Lo staff di gravidanza amore ed emozione,tiene a precisare che questi fenomeni non si presentano automaticamente in tutti i bambini di madri fumatrici, ma alla luce dei fatti medico scientifici attuali,vi preghiamo di considerare con coscienza la situazione.

Parliamo anche degli alcolici in gravidanza è importante smettere di bere alcol già durante il periodo in cui si programma una gravidanza per poter proteggere il vostro bambino. Questo perché gli organi vitali, quali cuore, cervello e scheletro si formano durante i primi 10-15 giorni dopo il concepimento. Di conseguenza, il più delle volte avviene precedentemente alla data in cui si scopre di essere in dolce attesa. L’alcol attraversa la placenta e arriva direttamente al feto ad una concentrazione praticamente equivalente a quella assunta dalla madre.

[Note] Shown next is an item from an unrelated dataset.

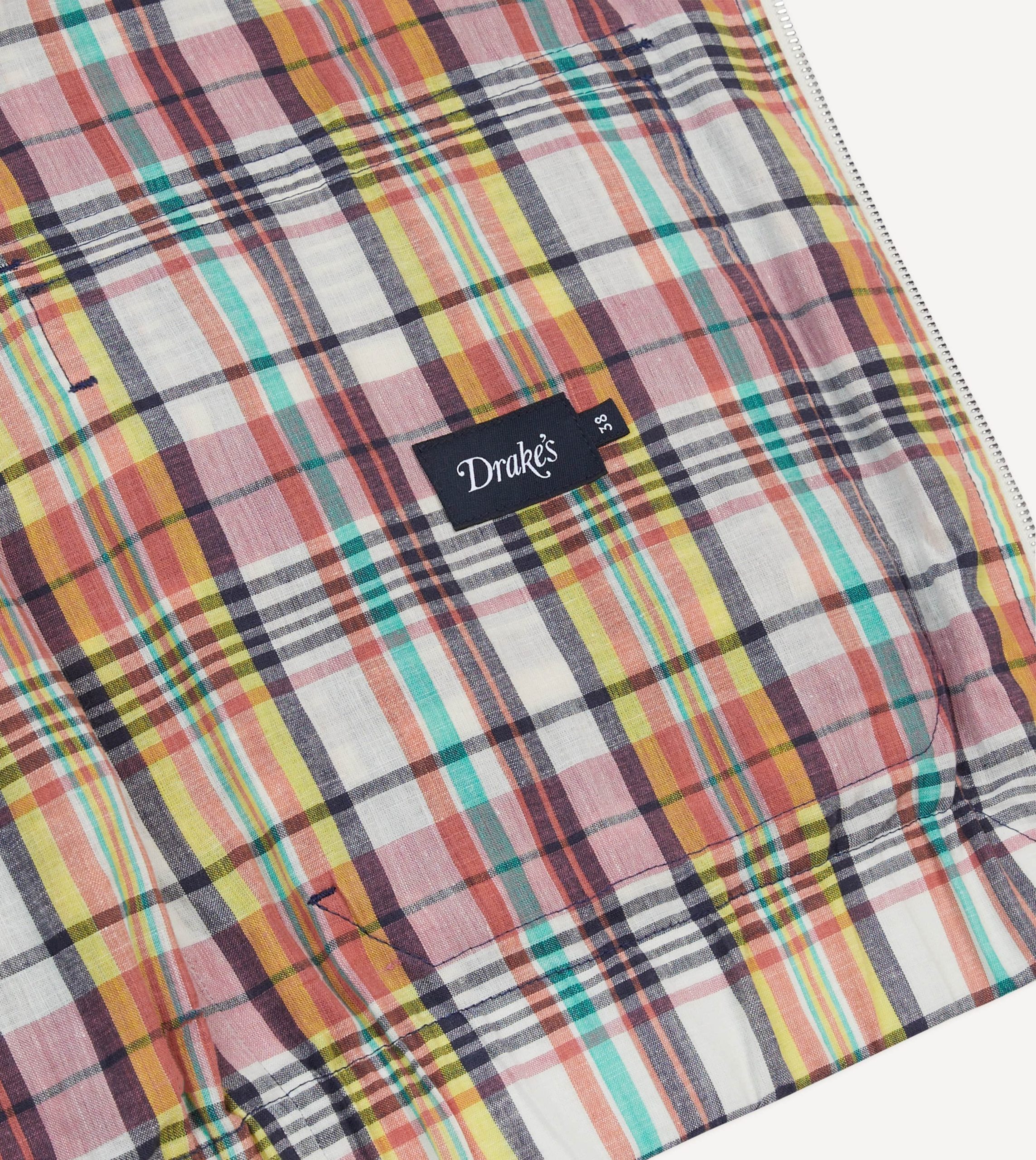 Cut from a waxed Madras fabric. this jacket has a short. slightly boxy shape which lends it a nostalgic silhouette. With an elasticated waist. adjustable cuffs and a double zip closure. it makes subtle nods to mid-century sporting attire as worn by Emerson. Laver. Ashe et al. in the 1960s.
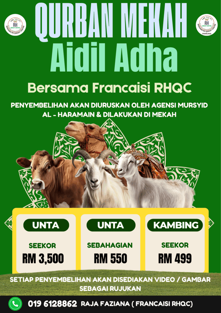 RH Qiroat Centre bersama Francaisi RHQC telah bekerjasama dengan pihak Mursyid al Haramain dengan menawarkan tawaran "Qurban Mekah". Penyembelihan akan diuruskan oleh pihak agensi sendiri di Mekah dan akan menghantar video/gambar kepada peserta sebagai bahan bukti.

Nell’adulto l’alcol viene metabolizzato dal fegato, che nel bambino non è ancora sufficientemente sviluppato, perciò subisce effetti dannosi a livello cerebrale e interferisce sui normali processi di sviluppo fisico (provocando malformazioni) ed intellettivo (generando forme ritardo mentale).

I primi 3 mesi di gravidanza, insieme all’ultimo trimestre, sono quelli più delicati e quelli in cui l’alcol determina i danni peggiori per la gestante e il suo amorino.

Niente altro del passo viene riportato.